How an Apps SDK app actually works
Here's the mental model that took me too long to figure out. An Apps SDK app is two things glued together:
- An MCP server — plain old Model Context Protocol. It exposes tools (functions the model calls) and resources (static assets). Nothing ChatGPT-specific so far.
- A widget — an HTML+JS bundle, served as an MCP resource, that ChatGPT renders in a sandboxed
<iframe>. Inside that iframe you get awindow.openaiglobal that bridges back to ChatGPT over JSON-RPC on top ofpostMessage.
The glue is _meta. When a tool returns its result, you attach a _meta field that says "render this result with that widget." ChatGPT loads the widget HTML, hands it your tool's structuredContent, and your React app renders. When the user clicks a button in the widget, you call window.openai.callTool(...), which runs another tool on your server.
That's the whole architecture. Tools on the server, UI in an iframe, window.openai connecting them.
Project setup
mkdir room-booking-app && cd room-booking-app
pnpm init
pnpm add @modelcontextprotocol/sdk zod
pnpm add -D typescript tsx esbuild react react-dom @types/react @types/react-dom
We use the official MCP SDK for the server, esbuild to bundle the widget into a single file, and React for the UI. Two build targets: the Node server and the browser widget.
The widget: a React calendar
Start with the UI, because it defines the data contract.
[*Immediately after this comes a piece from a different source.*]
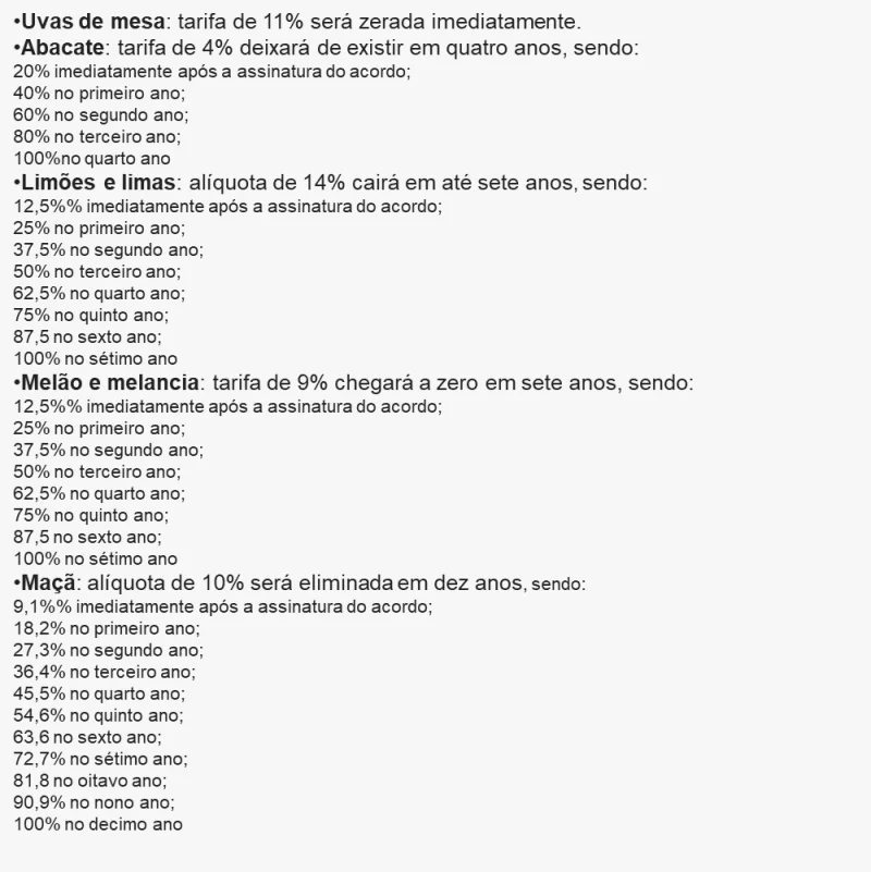 A avaliação do setor de fruticultura sobre o acordo entre Mercosul e União Europeia é positiva, especialmente pelo cronograma de redução gradual das tarifas de importação aplicadas às frutas brasileiras. Segundo Luiz Roberto Barcelos, conselheiro da IFPA e diretor da Abrafrutas, o processo de desgravação será escalonado conforme o produto: a uva terá isenção imediata, enquanto melão terá prazo de até sete anos; limão e abacate terão redução ao longo de quatro anos, com queda de 25% ao ano; e a maçã, por ser uma fruta produzida no hemisfério norte, terá o maior prazo, de até dez anos, mantendo um caráter de proteção aos produtores europeus.

The widget reads window.openai.toolOutput — that's the structuredContent your tool returned — and renders it.
// src/widget/RoomBooking.tsx
import { useEffect, useState } from 'react'
interface Slot {
id: string
room: string
time: string
available: boolean
}
interface ToolOutput {
date: string
slots: Slot[]
}
// The bridge ChatGPT injects into the iframe.
interface OpenAiGlobals {
toolOutput: ToolOutput | null
widgetState: { selectedSlotId?: string } | null
callTool: (name: string, args: Record<string, unknown>) => Promise<unknown>
setWidgetState: (state: Record<string, unknown>) => Promise<void>
sendFollowUpMessage: (args: { prompt: string }) => Promise<void>
}
declare global {
interface Window {
openai: OpenAiGlobals
}
}
export function RoomBooking() {
const [output, setOutput] = useState<ToolOutput | null>(
window.openai.toolOutput
)
const [selected, setSelected] = useState<string | undefined>(
window.openai.widgetState?.selectedSlotId
)
const [booking, setBooking] = useState(false)
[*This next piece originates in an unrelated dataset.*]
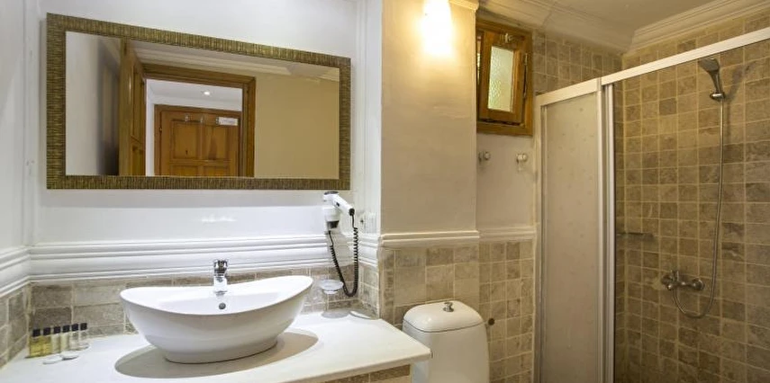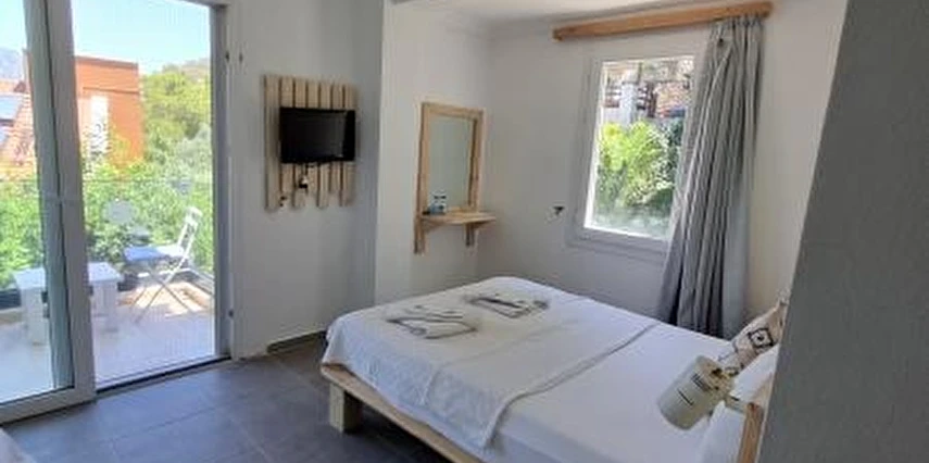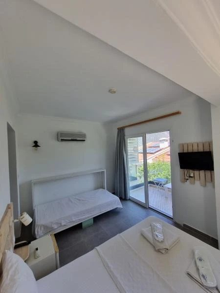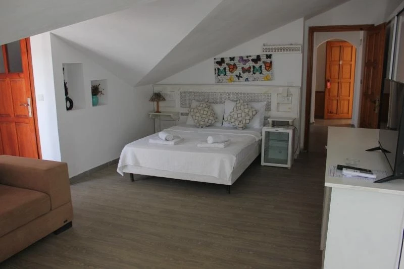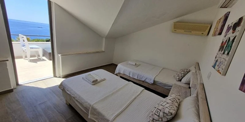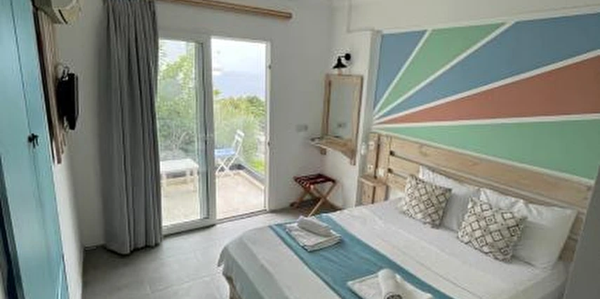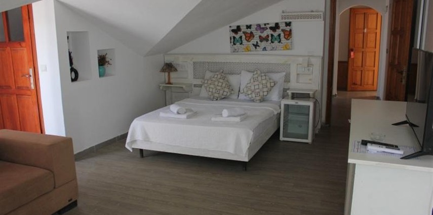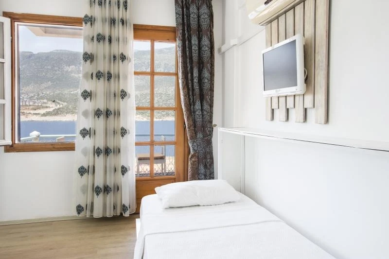 Tesiste özel balkonu bulunan 27 oda mevcut. Odalarda; klima, minibar, banyo, duş, WC, televizyon, uydu TV, saç kurutma makinesi ve kablosuz internet gibi olanaklar bulunuyor. Odaların bazıları panoramik Akdeniz manzarasına açılıyor.

const [error, setError] = useState<string | null>(null)
// ChatGPT pushes new data via a custom event whenever globals change.
useEffect(() => {
const onUpdate = () => setOutput(window.openai.toolOutput)
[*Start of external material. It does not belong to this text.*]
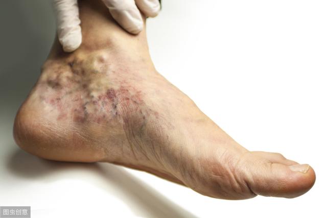 下肢静脈瘤を合併した糖尿病患者では、静脈の異常な逆流と静脈弁の機能低下により、血液が下肢に停滞し、その結果、組織液が皮下に漏出し、浮腫が生じます。患者の皮膚表面には、ミミズのように蛇行した静脈の集まりが見られる。重症例では、皮膚栄養不良、色素沈着、皮膚壊死がみられる。

window.addEventListener('openai:set_globals', onUpdate)
return () => window.removeEventListener('openai:set_globals', onUpdate)
}, [])
if (!output) return <p>Loading availability…</p>
async function book(slot: Slot) {
setBooking(true)
setError(null)
try {
// Run a tool back on the MCP server.
await window.openai.callTool('book_room', { slotId: slot.id })
setSelected(slot.id)
// Persist selection so it survives a re-render or reload.
await window.openai.setWidgetState({ selectedSlotId: slot.id })
// Nudge the conversation forward in natural language.
await window.openai.sendFollowUpMessage({
prompt: `Booked ${slot.room} at ${slot.time}. Confirm it for me.`,
})
} catch (e) {
setError(e instanceof Error ? e.message : 'Booking failed')
} finally {
setBooking(false)
}
}
return (
<div className="grid">
<h2>Rooms for {output.date}</h2>
{output.slots.map((slot) => (
<button
key={slot.id}
disabled={!slot.available || booking}
aria-pressed={selected === slot.id}
onClick={() => book(slot)}
>
{slot.room} — {slot.time}
{!slot.available && ' (taken)'}
{selected === slot.id && ' ✓'}
</button>
))}
{error && <p role="alert">{error}</p>}
</div>
)
}
Three window.openai calls do all the work: callTool runs server logic, setWidgetState persists UI state across re-renders, and sendFollowUpMessage writes a message back into the conversation so the model can keep going. Notice the error handling — callTool rejects on a failed tool, and you want that surfaced in the UI, not swallowed.
The mount point:
// src/widget/index.tsx
import { createRoot } from 'react-dom/client'
import { RoomBooking } from './RoomBooking'
const el = document.getElementById('root')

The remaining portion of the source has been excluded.